For these you just put in a more complicated pattern representing the
address calculation that happens. For example, with "(an, dn)" the
address is "an+dn" so you'd write your pattern as: "(store i32:$Dn,
(add i32:$An, i32:$Dm)". For the "Dn.W" variants you'll probably want
to throw a trunc in there.

And for the offset ones you'll want to define an "offsetimm" (or
whatever your preferred name is) instance of ImmLeaf with i32 type
(because addresses are 32-bits) but only accepting signed 16-bit
values that can actually be encoded:

def offsetimm : ImmLeaf<i32, [{ return Imm >= -32768 && Imm <= 32767; }]>;
[...]
(store i32:$Dn, (add i32:$An, offsetimm:$imm))

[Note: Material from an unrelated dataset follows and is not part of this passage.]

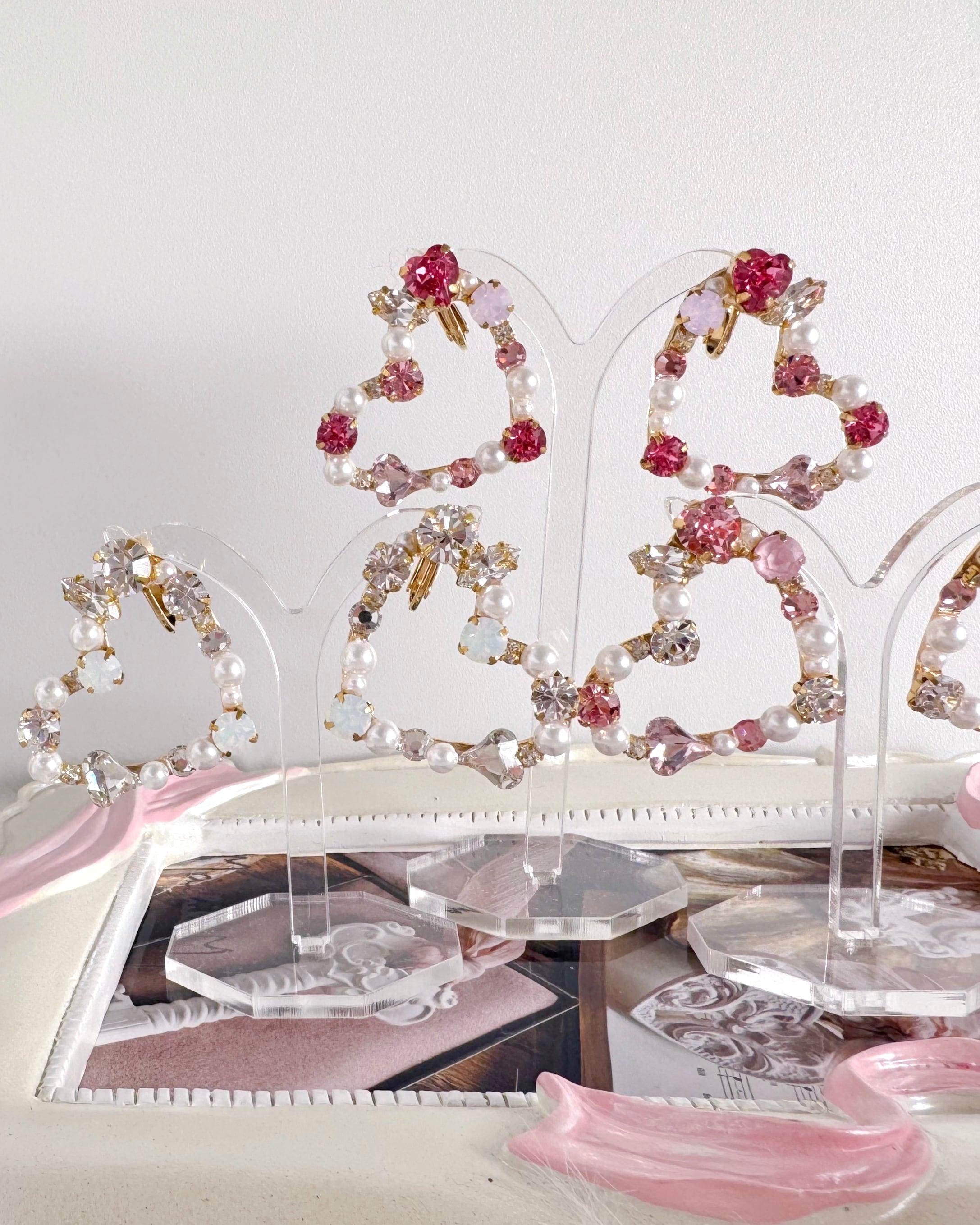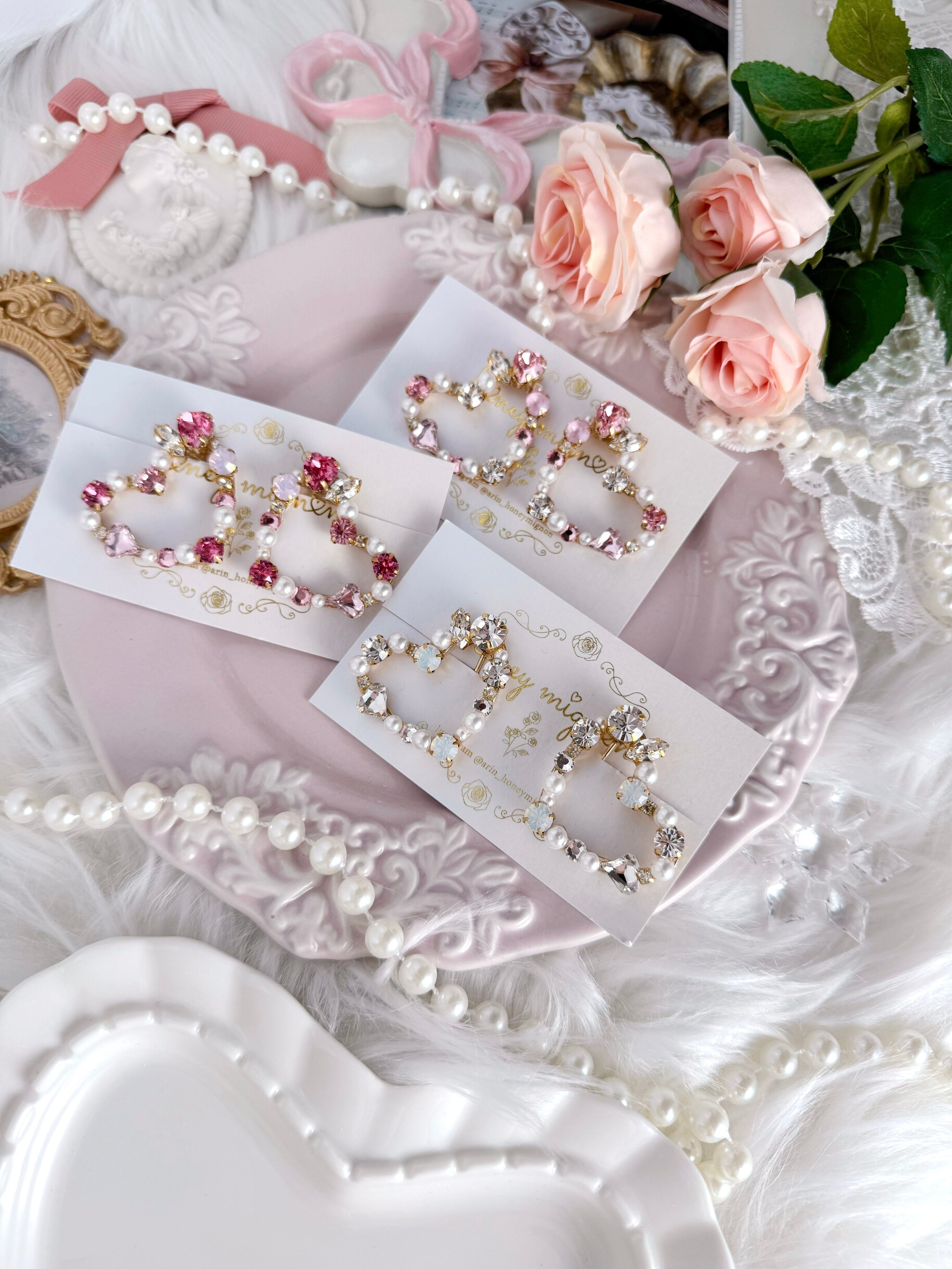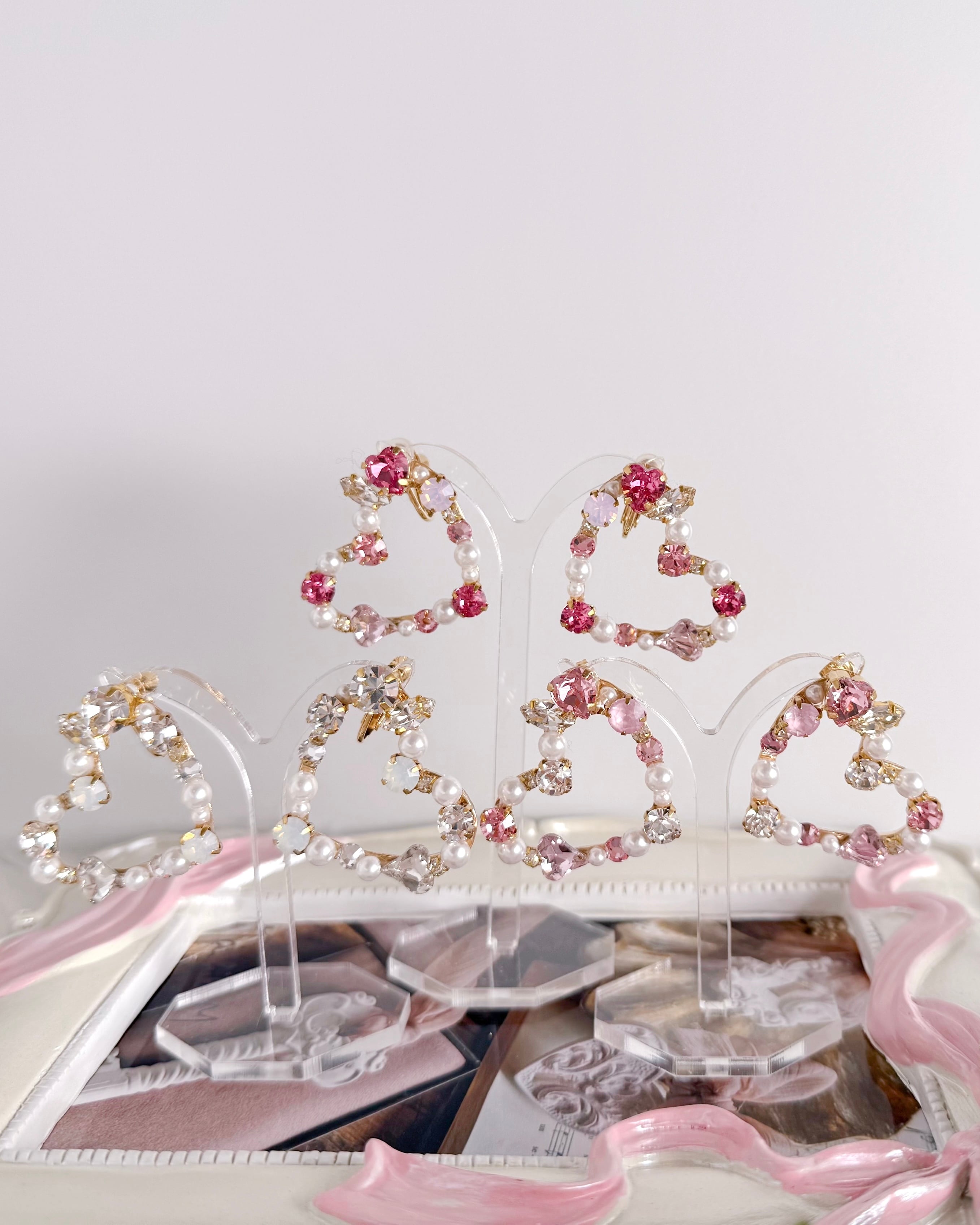 パールとビジューで縁取った、繊細なハートフレームの耳元アクセサリー。

The biggest wrinkle is that you probably want to defer choosing
whether to use An or Dn as the offset as long as possible. You could
either fix that up later (optimisation!) or try to define these
instructions to accept *both* Dn and An and then encode it properly.
I'm afraid I don't know enough about the 68k instruction set to be
sure which is better.

Cheers.

Tim.

As I said before, there’s a big difference between generating working m68k code and generating code that makes optimal use of the instruction set. I’d aim to get the former working first - use fairly naive mappings to instructions - and then look at peephole optimisations once you have some concrete cases of suboptimal code. It’s quite easy to have SelectionDAG emit instructions that are correct and then clean them up when you’re in the SSA machine instruction form.

David

That's very helpful, thank-you!

I've seen immediate offsets handled through an Operand define. How on earth does it know to put an offset into simm16 below along with the address in the register? It seems to be a more implicit way of doing the immediate add pattern you suggested, but I have no idea how this actually works.

def simm16 : Operand<i32>;

def mem : Operand<i32>
{
  let MIOperandInfo = (ops AR, simm16);
  let PrintMethod = "printMemOperand";
}

I prefer the explicit pattern method suggested, as I can understand what's going on, but I would really like to know how the Operand stuff actually works.

Thanks!